Retype the data exactly, from its first line to the line containing "附件:銅仁考點2021年全國", including both, and skip any picture.

* **Dataset extract**:
------------------------------------------------------------

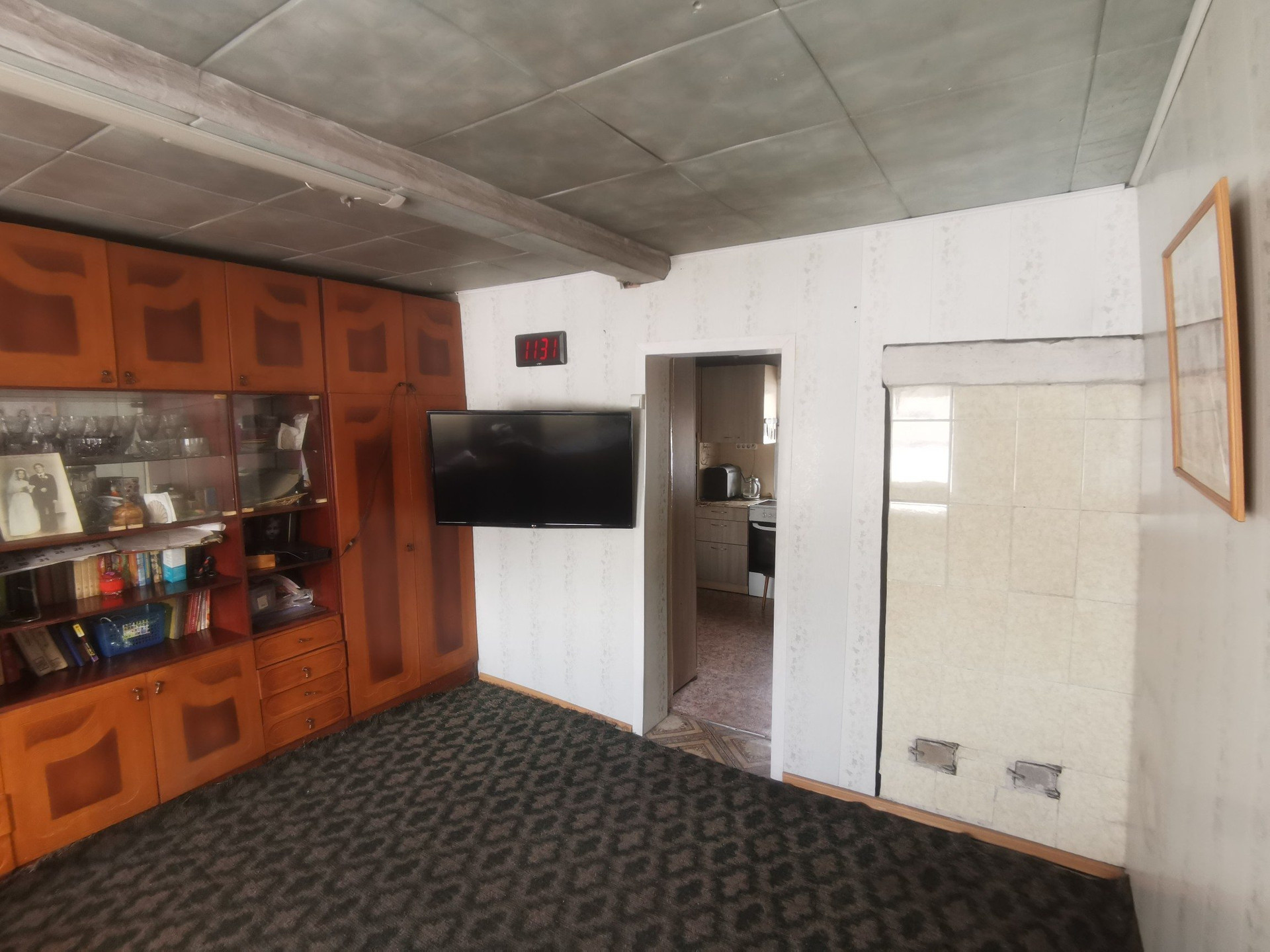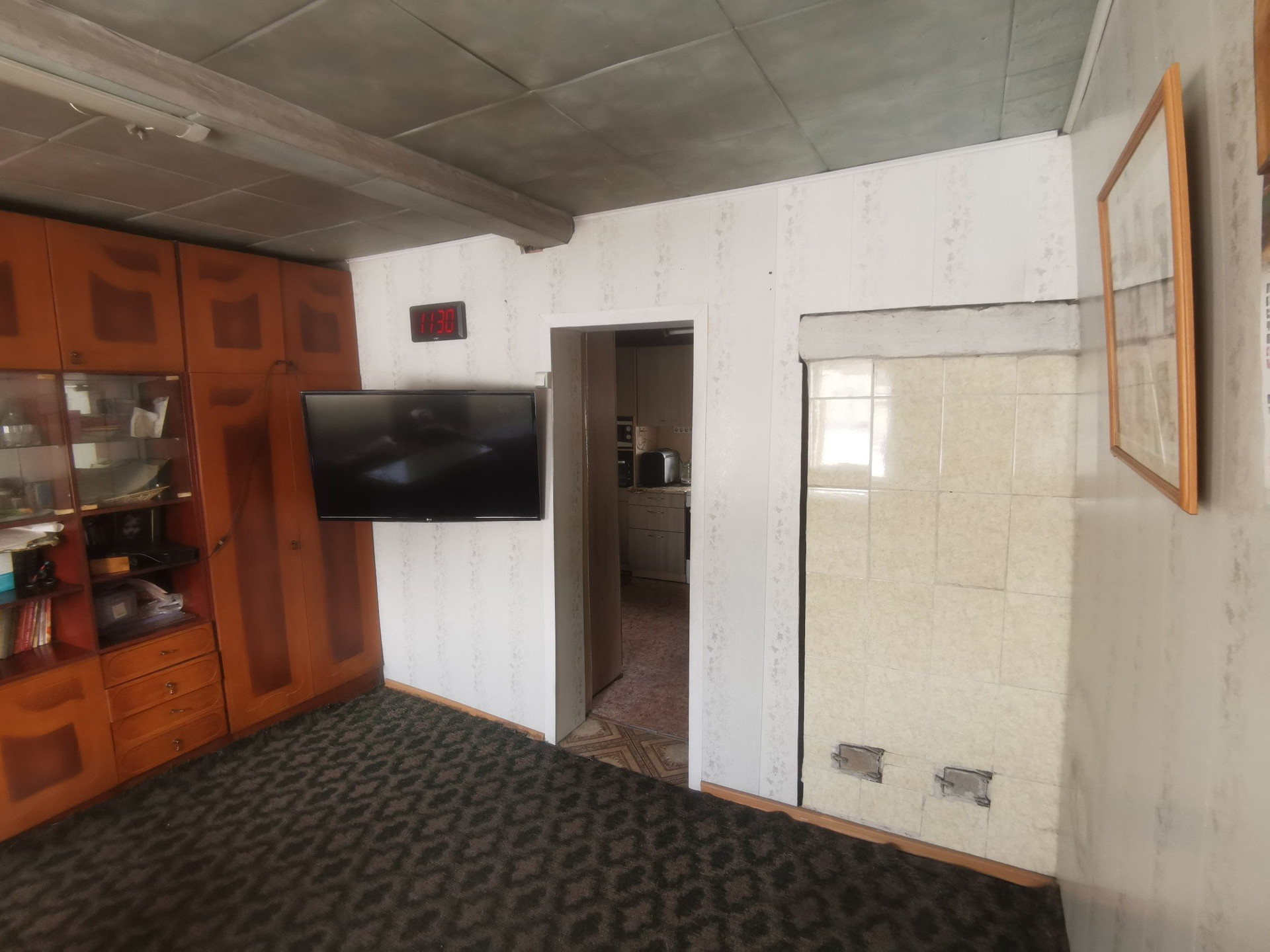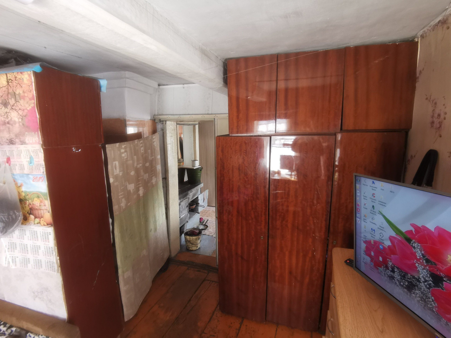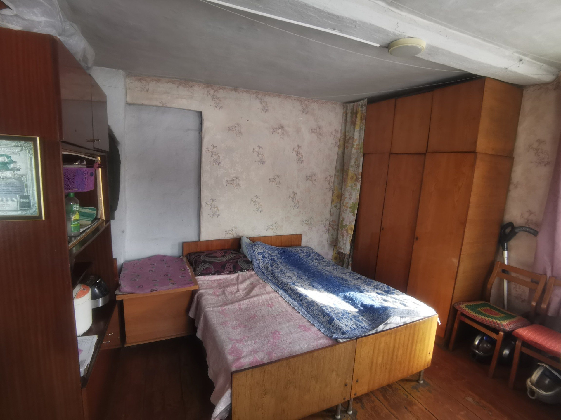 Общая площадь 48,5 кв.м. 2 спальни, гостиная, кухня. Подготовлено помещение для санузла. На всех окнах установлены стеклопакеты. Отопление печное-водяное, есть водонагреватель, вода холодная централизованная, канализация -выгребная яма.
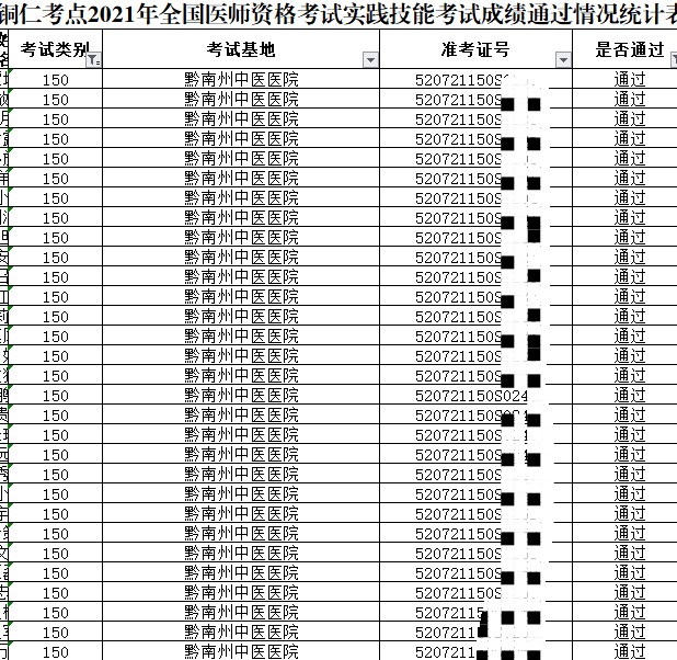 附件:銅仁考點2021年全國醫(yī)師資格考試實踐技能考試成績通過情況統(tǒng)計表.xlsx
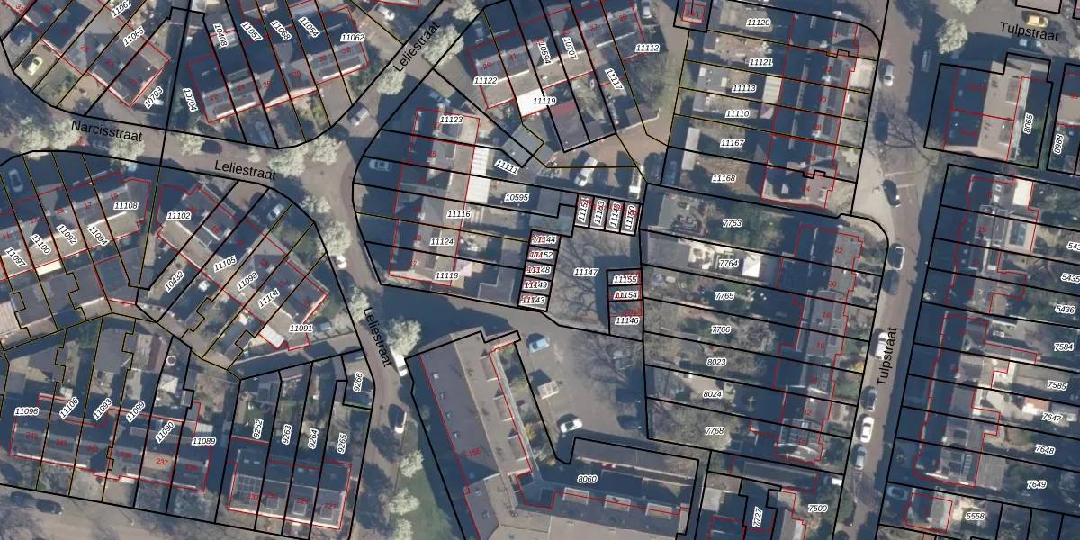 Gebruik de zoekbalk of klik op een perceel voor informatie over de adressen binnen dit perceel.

------------------------------------------------------------

* **Exercise answer**:
 Общая площадь 48,5 кв.м. 2 спальни, гостиная, кухня. Подготовлено помещение для санузла. На всех окнах установлены стеклопакеты. Отопление печное-водяное, есть водонагреватель, вода холодная централизованная, канализация -выгребная яма.
 附件:銅仁考點2021年全國醫(yī)師資格考試實踐技能考試成績通過情況統(tǒng)計表.xlsx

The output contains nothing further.